In civil litigation, documents that are found to be relevant to a production request are usually subjected to an exhaustive manual review for privilege (e.g, for attorney-client privilege, attorney-work product doctrine) in order to be sure that materials that could be withheld is not inadvertently revealed.
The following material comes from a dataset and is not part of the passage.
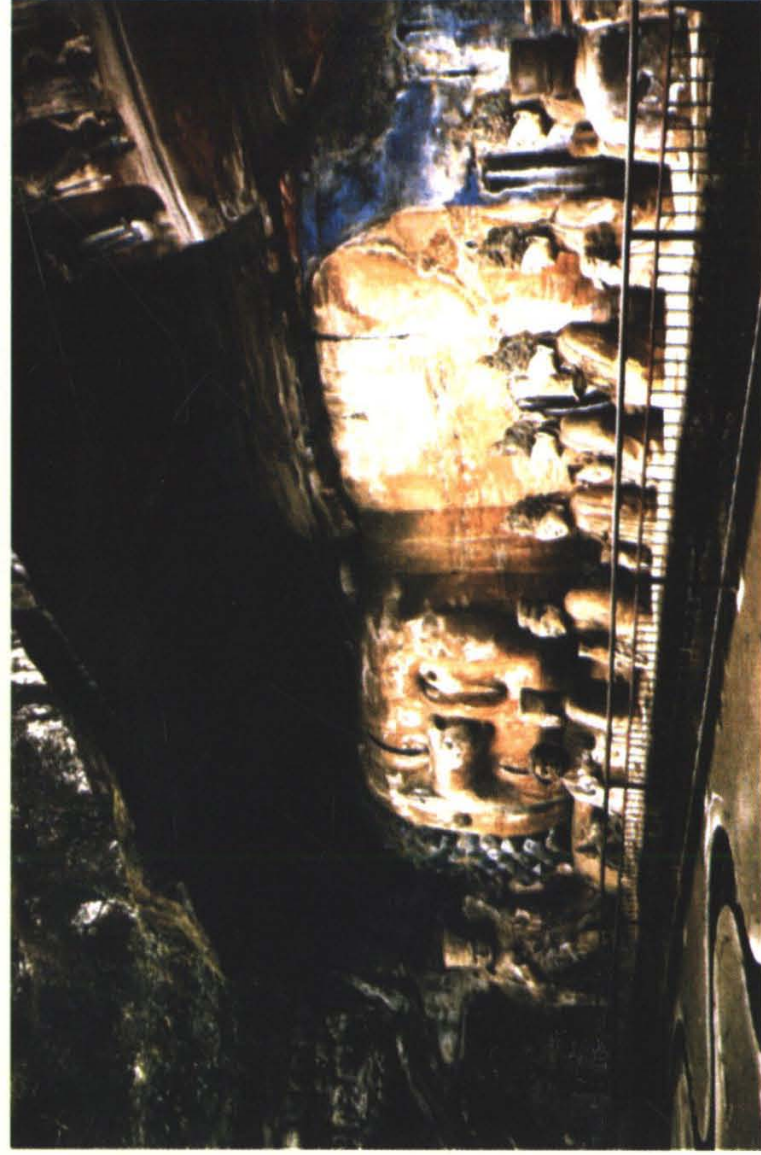
我国古代晚期石窟造像艺术的优秀代表作——大足石刻

Usually, the majority of the cost associated in such review process is due to the procedure of having human annotators linearly review documents (for privilege) that the classifier predicts as responsive. This paper investigates the extent to which such privilege judgments obtained by the annotators are useful for training privilege classifiers. The judgments utilized in this paper are derived from the privilege test collection that was created during the 2010 TREC Legal Track. The collection consists of two classes of annotators: "expert" judges, who are topic originators called the Topic Authority (TA) and "non-expert" judges called assessors. The questions asked in this paper are; (1) Are cheaper, non-expert annotations from assessors sufficient for classifier training? (2) Does the process of selecting special (adjudicated) documents for training affect the classifier results? The paper studies the effect of training classifiers on multiple annotators (with different expertise) and training sets (with and without selection bias). The findings in this paper show that automated privilege classifiers trained on the unbiased set of annotations yield the best results. The usefulness of the biased annotations (from experts and non-experts) for classifier training are comparable.
查看原文
分享 分享
微信好友 朋友圈 QQ好友 复制链接
本刊更多论文
评估专家和样本偏差对电子证据发现中特权分类的影响
在民事诉讼中,被发现与制作请求相关的文件通常要经过详尽的人工审查,以获得保密特权(例如,律师-客户保密特权,律师-工作产品原则),以确保可以保留的材料不会无意中泄露。通常,与这种审查过程相关的大部分成本是由于让人类注释者线性审查分类器预测为响应的文档(为了特权)的过程。本文研究了由注释者获得的特权判断在多大程度上对训练特权分类器有用。本文中使用的判决源自2010年TREC法律轨道期间创建的特权测试集。该集合由两类注释者组成:“专家”评委,他们是主题发起人,称为主题权威(TA)和“非专家”评委,称为评估员。本文提出的问题有:(1)来自评估器的更便宜的非专家注释是否足以用于分类器训练?(2)选择特殊(裁决)文件进行训练的过程是否影响分类器的结果?本文研究了训练分类器对多个标注器(具有不同专业知识)和训练集(具有和不具有选择偏差)的影响。本文的研究结果表明,在无偏注释集上训练的自动特权分类器产生了最好的结果。有偏见的注释(来自专家和非专家)对分类器训练的有用性是可比的。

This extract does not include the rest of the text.